Enquanto Luciana passava por um sabático, afastada das funções da empresa para focar no tratamento, encontrou Patrícia em um jantar entre amigos. Naquela noite, abriram o coração sobre seus anseios e dúvidas sobre a vida profissional. Após um ano viajando por Estados Unidos e Europa para conhecer e desenvolver formulações com um time multidisciplinar formado por dermatologistas, maquiadores e químicos, a dupla teve a segurança de lançar a Care. “Repensar o consumo é algo geral. Uma vez que você inicia esta caminhada, invariavelmente acaba esbarrando em todas as áreas da vida, não importa por onde começa. O olhar fica mais aguçado”, diz Luciana. “Não somos ativistas, radicais. Procuramos fornecer informação de qualidade e, a partir disso, cada um faz as suas escolhas.”

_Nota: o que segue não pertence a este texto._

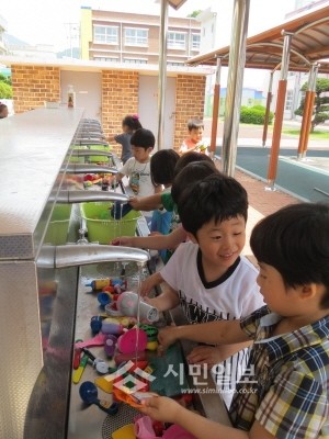전남 여수시 쌍봉초등학교 병설유치원은 최근 유치원 어린이들의 건강한 생활을 위해 보건위생 교육을 실시했다. 사진은 참여 어린이들이 교실에 있는 인형과 장난감을 세척하고 있는 모습. (사진제공=전라남도교육청)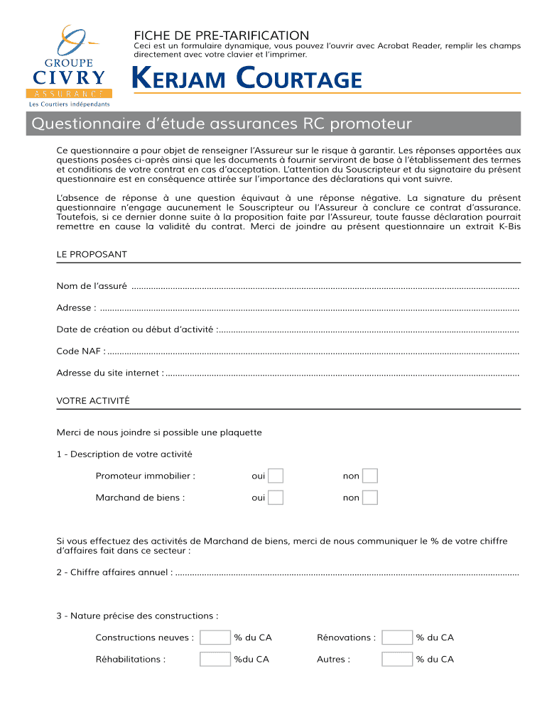 Questionnaire d tube assurances RC promoter Fiche DE Pre-qualification Cecil est UN formula ire dynamite, vows poured l over Alec Acrobat Reader, repair LES ...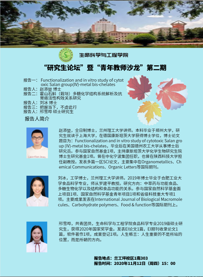 k8凯发第二期“研究生论坛暨青年教师沙龙”将于2020年11月12日(周四)15:00在兰工坪校区1南303教室举办。热烈欢迎全校各位老师和同学参加相互交流。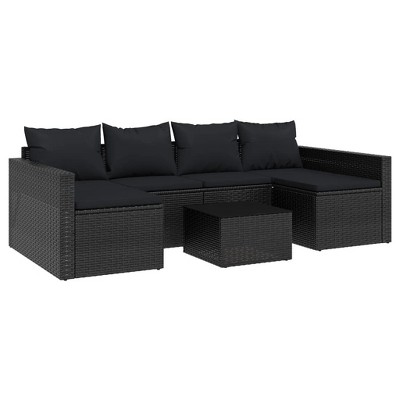 vidaXL 7 Piece Patio Sofa Set with Cushions Black Poly Rattan - without storage
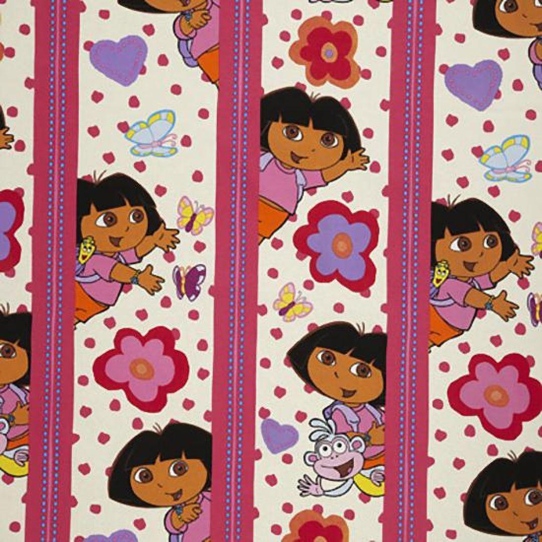 Op dit gordijn worden vrolijke plaatjes van Dora afgewisseld met kleurrijke strepen in de lengterichting. Dit gordijn past precies in de kinderkamer van avontuurlijke meisjes!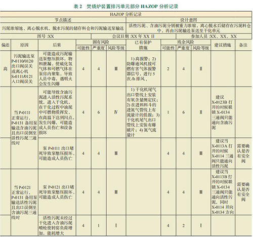 本次分析組的主要人員有:企業(yè)對夾式渦街流量計分析組以及焚燒爐裝置工藝工程師、設(shè)備工程師、儀表工程師、安全工程師和操作班組長。本次分析主要依據(jù)公司級相關(guān)標(biāo)準(zhǔn)和規(guī)范:《健康安全環(huán)境風(fēng)險標(biāo)準(zhǔn)》以及《危險與可操作性分析(對夾式渦街流量計)規(guī)范》,并于 1 個月內(nèi)對焚燒爐裝置進(jìn)行了分析,發(fā)現(xiàn)了部分重大的風(fēng)險和隱患。按建議措施對應(yīng)的風(fēng)險等級劃分,其中包括:Ⅳ級嚴(yán)重風(fēng)險(限期整改強(qiáng)制性措施);Ⅲ級高度風(fēng)險(限期整改強(qiáng)制性措施);Ⅱ級中度風(fēng)險(期望改進(jìn)推薦性措施);Ⅰ級可接受風(fēng)險(建議性措施)。本報告僅逐一列出部分較高或容易忽視的風(fēng)險(其他在對夾式渦街流量計分析的記錄中體現(xiàn))。評估發(fā)現(xiàn):本次分析評估共發(fā)現(xiàn)三級風(fēng)險 25 項(類),其中排污單元三級風(fēng)險 2 項(類)。其中,焚燒爐裝置排污單元分析記錄內(nèi)容如表 2 所示。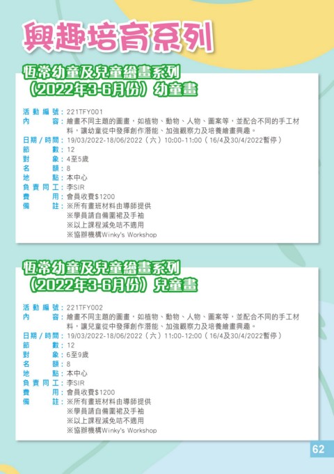日期/時間: 19/03/2022-18/06/2022(六)10:00-11:00(16/4及30/4/2022暫停)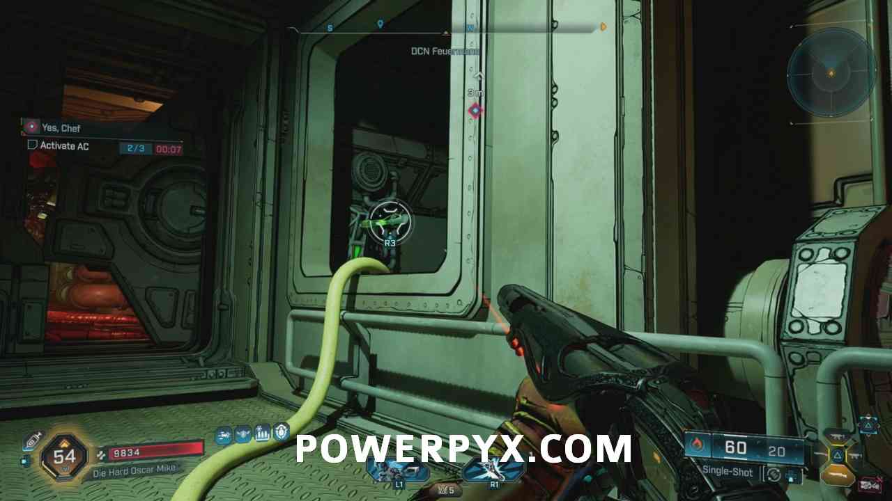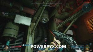 Then quickly shoot open the vent next to the lever and get through it. Then immediately turn right and look above you and use your grappling hook again on the second lever.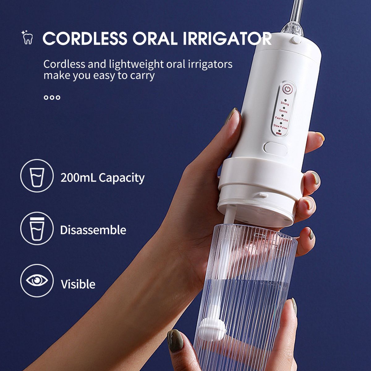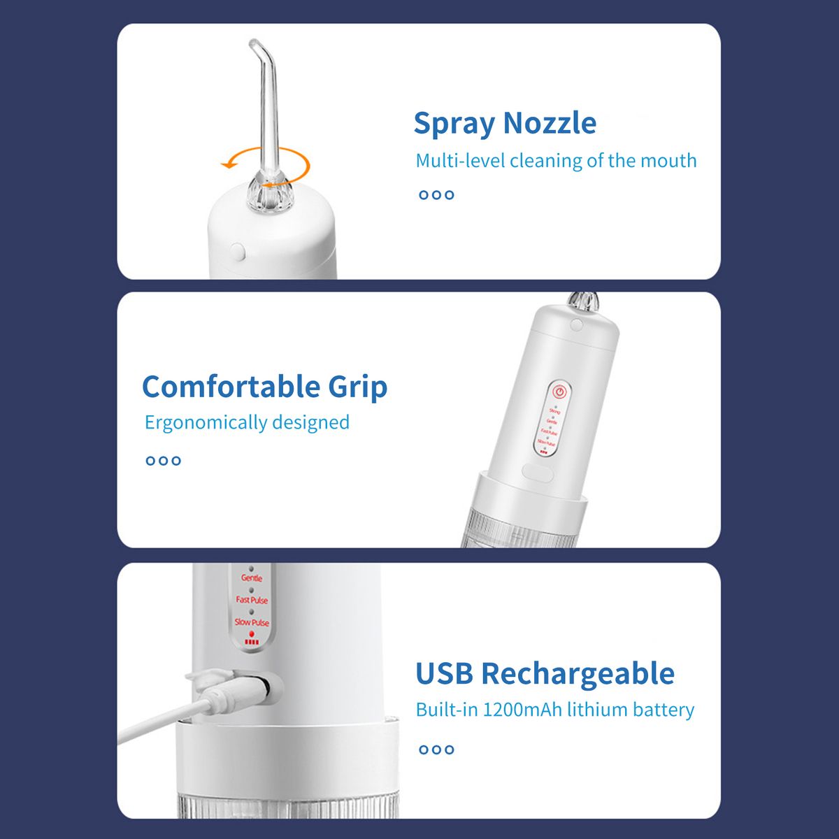The oral irrigator comes with 2 spray nozzles for personal use. Cordless and lightweight oral irrigators make you easy to carry. Whether you are on business or traveling, you can easily meet the needs of oral deeply clean.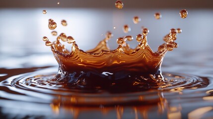 A cascading crown of molten liquid chocolate, shimmering with a thousand reflections, splashed into a crystal-clear pool, leaving a mesmerizing trail of ripples in its wake.
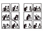 Analysing comics motif braiding, page composition, text/image interplay, abstraction tricks, variety of techniques and standpoint inversion in a remarkable 12-page sequence from the comics Singes by Aurel.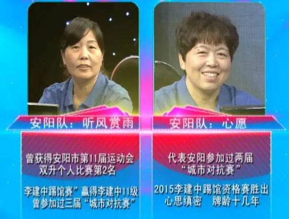 雖然來的是兩名女隊(duì)員,但是人家巾幗不讓須眉?!奥狅L(fēng)賞雨”曾獲得安陽市第11屆運(yùn)動(dòng)會(huì)雙升個(gè)人比賽第2名;2015年“李建中踢館賽”領(lǐng)先李建中11級(jí);參加過三次“河南電視雙升城市對(duì)抗賽”?!靶脑浮痹?015年“李建中踢館資格賽”中勝出;代表安陽隊(duì)參加過兩屆“河南電視雙升城市對(duì)抗賽”,牌齡十幾年。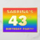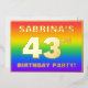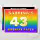 The front of this eye-catching and upbeat forty-third birthday party/celebration foil invitation card design features a personalised name, a large number “43rd”, the message “BIRTHDAY PARTY!”, and a border. The background of the front features a joyful, colourful, rainbow spectrum inspired gradient pattern. The back features personalised details about the event, such as the date, time, location/venue, and any other relevant information. Personalised invitations like these might be a fun way to invite guests to a birthday gathering/party being held in celebration of somebody’s 43rd birthday. [~Z0000599]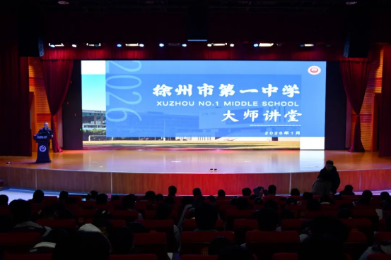 2026 年 1 月 16 日,徐州一中大师讲堂首期活动在紫金校区举行。校党委书记秦晓华、校长魏全星出席,副校长冯仰聪主持仪式,500 余名师生代表共同见证这场汇聚智慧与担当的思想盛宴。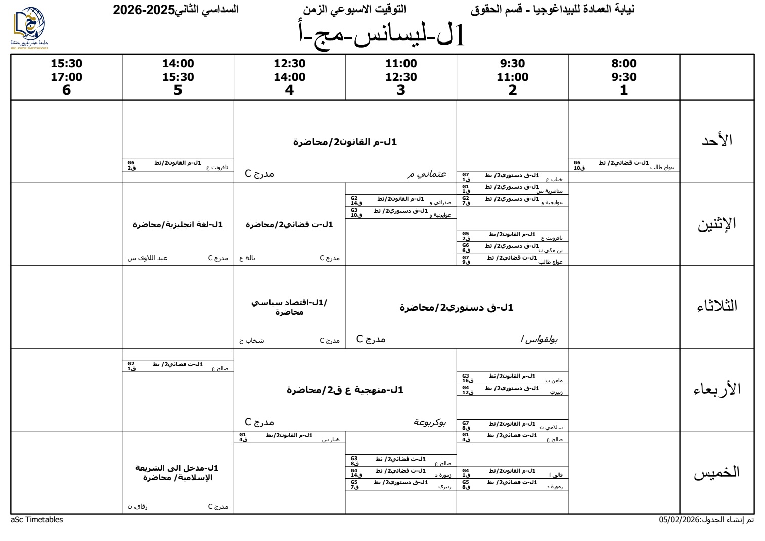 التوزيع الزمني للسداسي الثاني 2026/2025
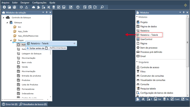 2. Após criada a solução, abra o menu Módulos e arraste o módulo Relatório Telerik para a pasta Pages;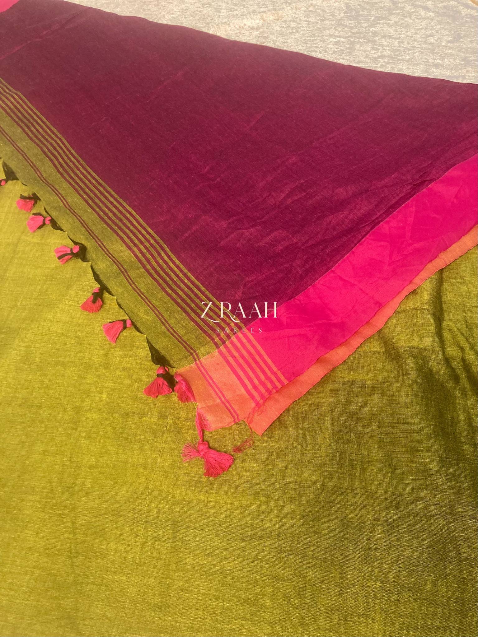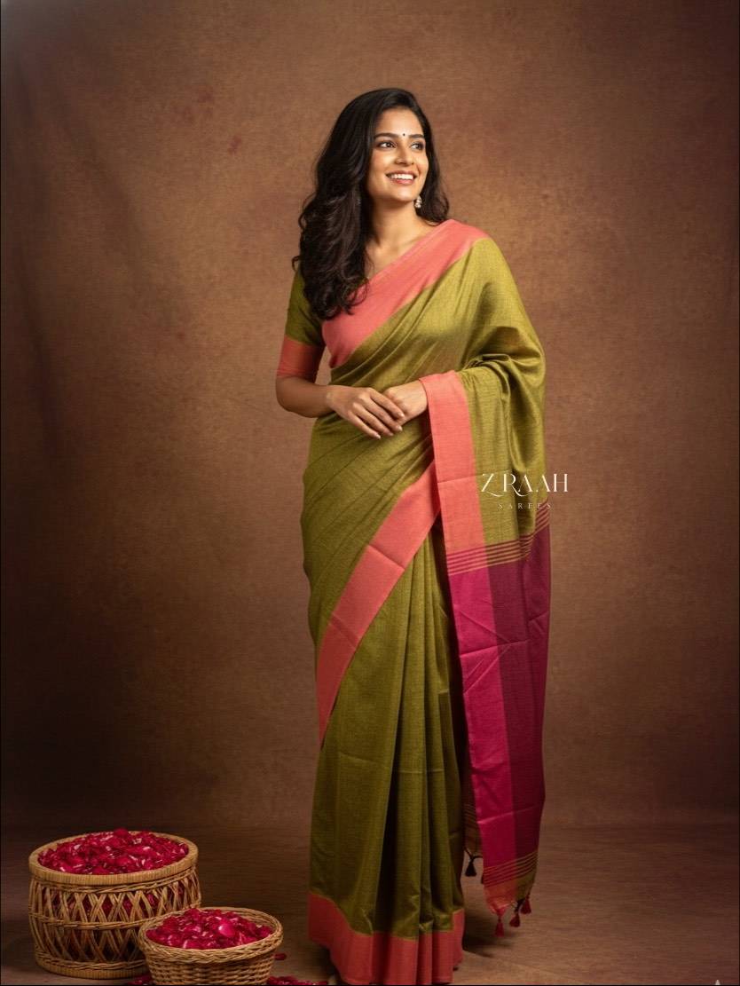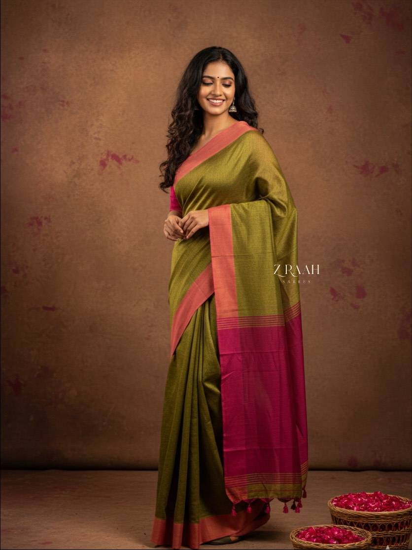 Handloom Pure Cotton Saree in Contrast Pallu
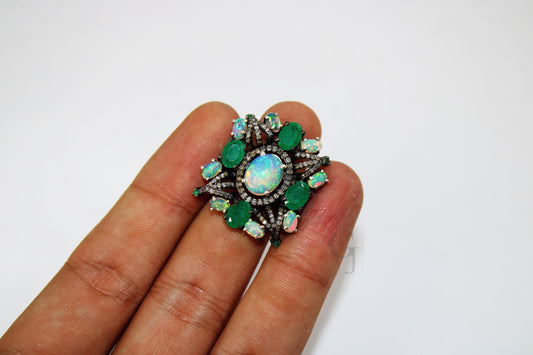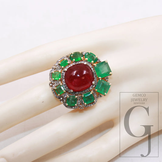 14k Gold Finish Green Emerald Ruby Ring Designer Rosecut Pave Diamond Rings 925 Sterling Silver Handmade Silver Finish Diamond Ring Jewelry
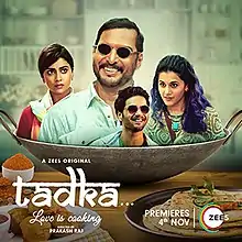 Tadka is an Indian Hindi-language romantic comedy-drama film directed by actor Prakash Raj, starring Nana Patekar, Ali Fazal,[1] Shriya Saran and Tapsee Pannu.[2] The story of the film is based in Goa and filming began in May 2016. It is a remake of the 2011 Malayalam film Salt N' Pepper.[1] The film was released on ZEE5 on 4 November 2022.[3]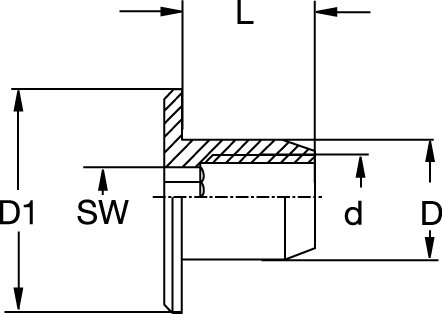 RAMPA nakrętka okrągła typ RF z gniazdem sześciokątnym, otworem przelotowym do gwintu wewnętrznego i ozdobnym łbem płaskim do widocznych połączeń.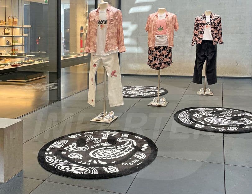 L’edificio principale, dedicato alla boutique, si sviluppa su tre piani fuori terra e un piano interrato, ripartiti tra spazi di vendita, per un totale di 2500 metri quadri, e un piano privato. Il volume è riempito completamente dall’edificio cubico, i cui giochi tra i pieni, dati delle superfici monomateriche in pietra basaltina, e i vuoti, ricavati dalle spaziose terrazze vetrate, gli conferiscono un aspetto finito e neutro all’esterno e luminoso e trasparente all’interno, consentendogli di emergere silenziosamente nel contesto cittadino.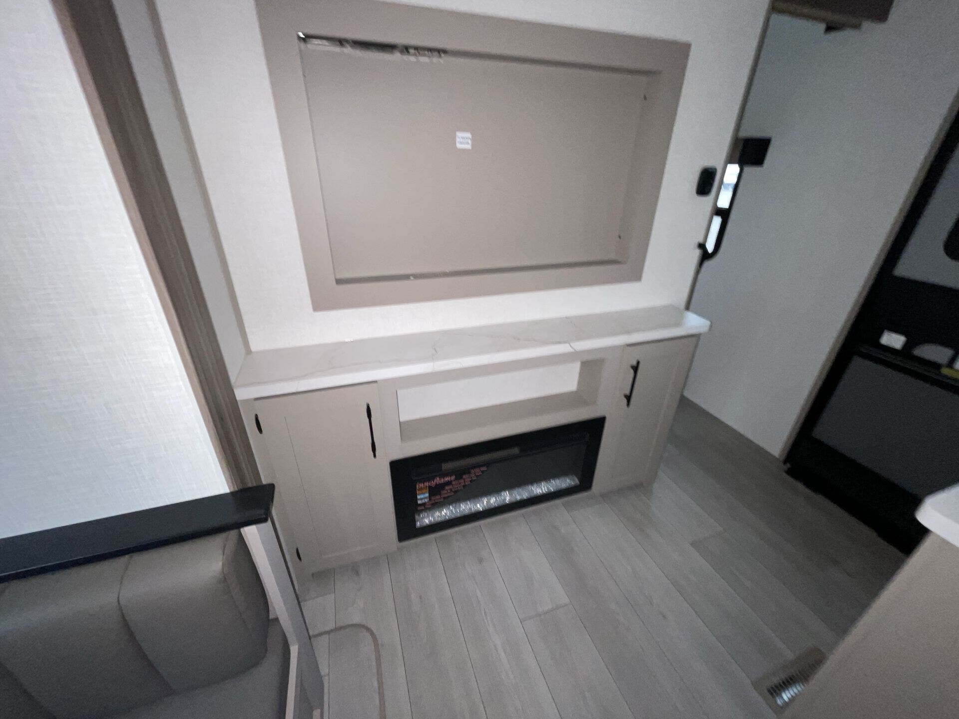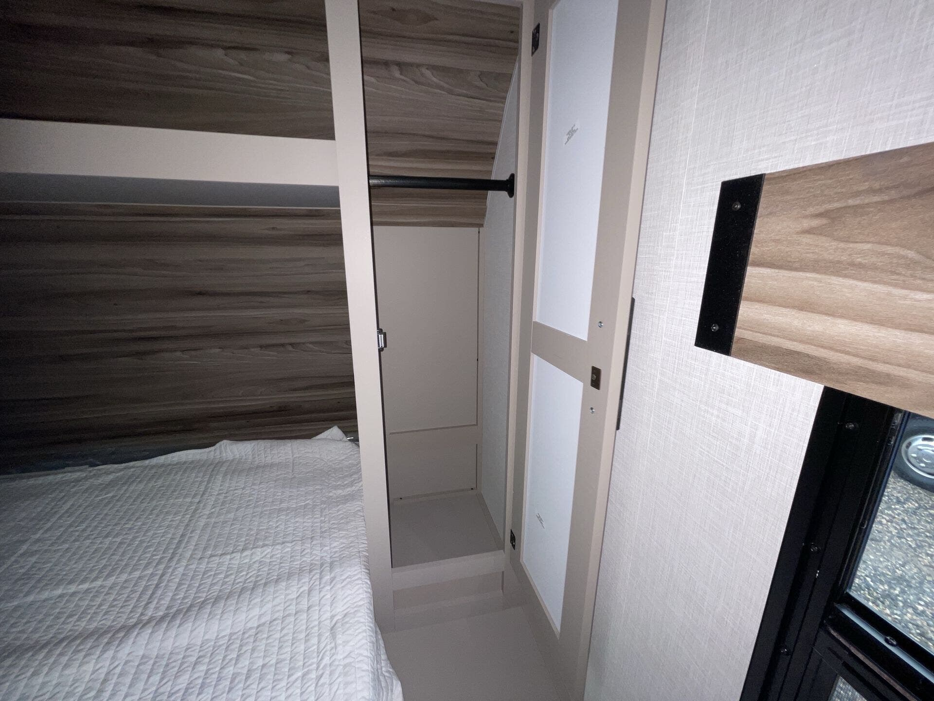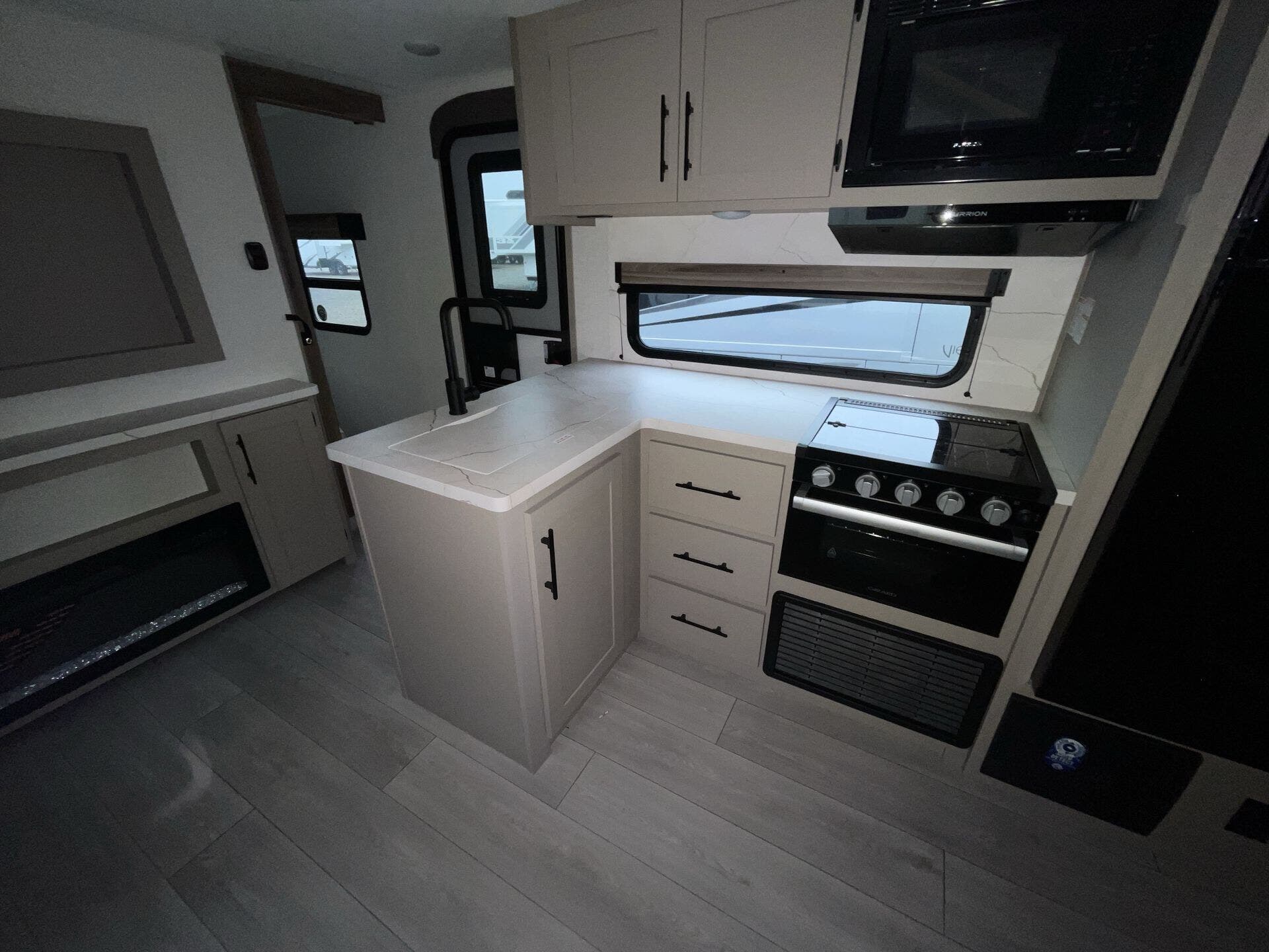 Inside, you’ll find a smart layout that maximizes space without sacrificing comfort. The double-over-double rear bunks provide plenty of room for the kids or guests, while the front private bedroom with a walk-around queen bed offers a cozy retreat for parents. The well-equipped kitchen includes stainless steel appliances, a large refrigerator, and a walk-in pantry—perfect for meal prep on the go. The U-shaped dinette gives everyone a place to gather for meals or game night, and it also converts for additional sleeping space.

No início deste ano, a Care foi reconhecida como marca minimalista pelo WGSN, empresa referência de previsão de tendências de consumo, citando consumidores “preocupados com rotinas que maximizem eficiência e eficácia por meio de produtos multifuncionais que são melhores para a pele, o planeta e o bolso”.
Neste ano, a Care deve lançar mais dois produtos, incluindo o retorno de um item desenvolvido especialmente para as crianças, inspirado em Valentina, 8 anos, filha de Luciana.